**YOUR GOAL**. Repeat each line of the material below exactly as it appears, minus any pictures.

**SUPPLIED MATERIAL**.
· · · · · · ·
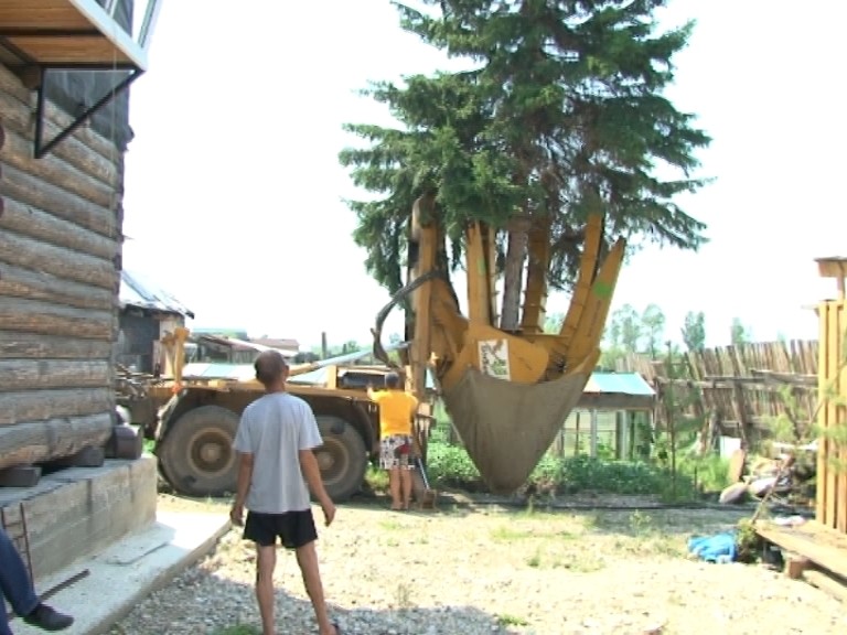 Смех сквозь слезы. Людмила Мукутова пытается шутить, но на самом деле на ее лице глубокая грусть. Женщина прощается с семейной реликвией. С дачного участка вывозят огромную ель. Возраст дерева - почти 40 лет. Его когда-то посадила тетя Людмилы. За годы растение достигло 15-метровой высоты и опасно накренилось в сторону дома. А корни уже принялись разрушать фундамент здания. "Елка наклоняется, боимся, и поэтому решили убрать. На дрова спилить жалко. Объявление перед новым годом в интернет давали, чтобы на новый год куда-то, может, в детский дом или куда-то еще елку забрали. Никто не откликнулся", - рассказывает Людмила Мукутова.
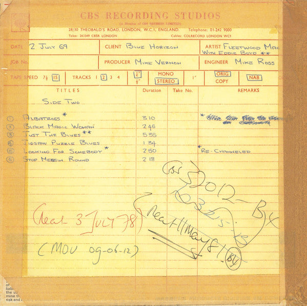 A1. Need Your Love So Bad 3:50 A2. Coming Home 2:38 A3. Rambling Pony 2:40 A4. The Big Boat 2:35 A5. I Believe My Time Ain't Long 2:55 A6. The Sun Is Shining 3:10 B1. Albatross 3:10 B2. Black Magic Woman 2:46 B3. Just The Blues 5:35 B4. Jigsaw Puzzle Blues 1:33 B5. Looking For Somebody 2:50 B6. Stop Messin' Round 2:18
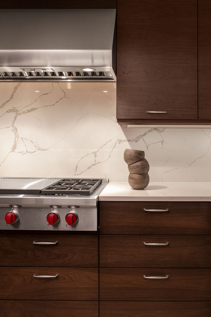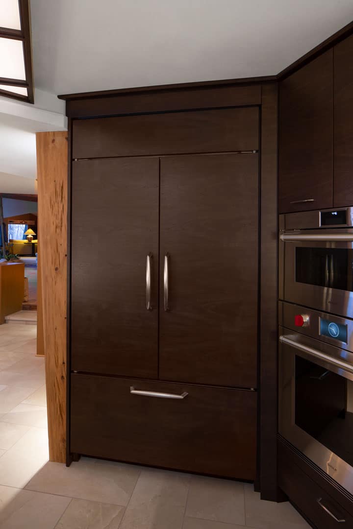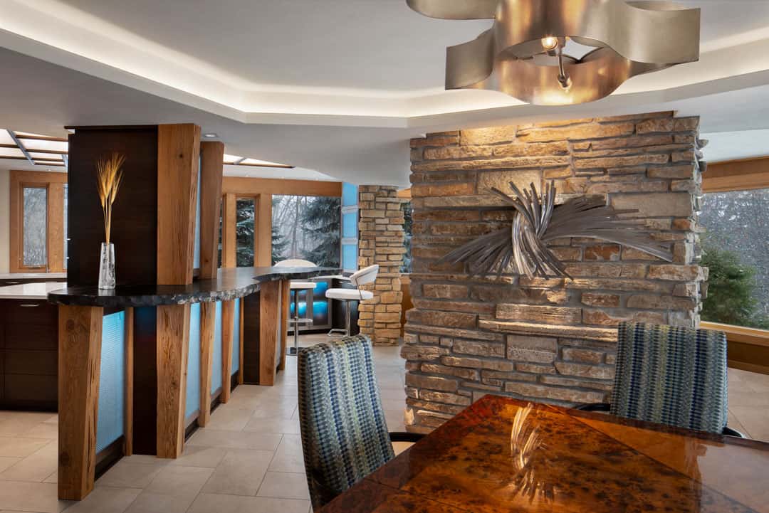 The design of the kitchen (and beyond) needed to respect the style of the home and existing finishes. Following Wright’s lead: fire became the “heart of the home” by adding a fireplace, pecky cypress and Lannon stone were repeated, and strong horizontal lines of stained walnut cabinetry and soffited light coves were crafted. The herringbone pattern of the floor tile echoed the pattern of the existing flooring and angles of the floorplan.
· · · · · · ·
**RESPONSE**.
 Смех сквозь слезы. Людмила Мукутова пытается шутить, но на самом деле на ее лице глубокая грусть. Женщина прощается с семейной реликвией. С дачного участка вывозят огромную ель. Возраст дерева - почти 40 лет. Его когда-то посадила тетя Людмилы. За годы растение достигло 15-метровой высоты и опасно накренилось в сторону дома. А корни уже принялись разрушать фундамент здания. "Елка наклоняется, боимся, и поэтому решили убрать. На дрова спилить жалко. Объявление перед новым годом в интернет давали, чтобы на новый год куда-то, может, в детский дом или куда-то еще елку забрали. Никто не откликнулся", - рассказывает Людмила Мукутова.
 A1. Need Your Love So Bad 3:50 A2. Coming Home 2:38 A3. Rambling Pony 2:40 A4. The Big Boat 2:35 A5. I Believe My Time Ain't Long 2:55 A6. The Sun Is Shining 3:10 B1. Albatross 3:10 B2. Black Magic Woman 2:46 B3. Just The Blues 5:35 B4. Jigsaw Puzzle Blues 1:33 B5. Looking For Somebody 2:50 B6. Stop Messin' Round 2:18
 The design of the kitchen (and beyond) needed to respect the style of the home and existing finishes. Following Wright’s lead: fire became the “heart of the home” by adding a fireplace, pecky cypress and Lannon stone were repeated, and strong horizontal lines of stained walnut cabinetry and soffited light coves were crafted. The herringbone pattern of the floor tile echoed the pattern of the existing flooring and angles of the floorplan.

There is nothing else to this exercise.